Records for processing:
=======

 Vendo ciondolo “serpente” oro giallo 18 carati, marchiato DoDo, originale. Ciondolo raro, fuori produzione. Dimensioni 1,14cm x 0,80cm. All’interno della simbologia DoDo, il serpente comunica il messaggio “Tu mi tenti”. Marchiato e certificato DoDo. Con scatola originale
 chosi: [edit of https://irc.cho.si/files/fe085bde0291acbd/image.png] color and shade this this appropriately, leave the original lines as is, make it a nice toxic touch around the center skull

=======

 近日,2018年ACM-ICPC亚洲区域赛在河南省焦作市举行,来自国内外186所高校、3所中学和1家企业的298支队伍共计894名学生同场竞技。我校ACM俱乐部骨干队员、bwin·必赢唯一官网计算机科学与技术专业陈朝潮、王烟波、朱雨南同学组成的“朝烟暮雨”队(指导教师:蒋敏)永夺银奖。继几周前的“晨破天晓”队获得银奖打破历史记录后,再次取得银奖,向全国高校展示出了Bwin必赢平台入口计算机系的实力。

=======

Requirement: Retype, in the same exact form, the lines of the material above from the line holding "Con scatola originale" through the line holding "chosi: [edit of".

Solution for this task:
 Vendo ciondolo “serpente” oro giallo 18 carati, marchiato DoDo, originale. Ciondolo raro, fuori produzione. Dimensioni 1,14cm x 0,80cm. All’interno della simbologia DoDo, il serpente comunica il messaggio “Tu mi tenti”. Marchiato e certificato DoDo. Con scatola originale
 chosi: [edit of https://irc.cho.si/files/fe085bde0291acbd/image.png] color and shade this this appropriately, leave the original lines as is, make it a nice toxic touch around the center skull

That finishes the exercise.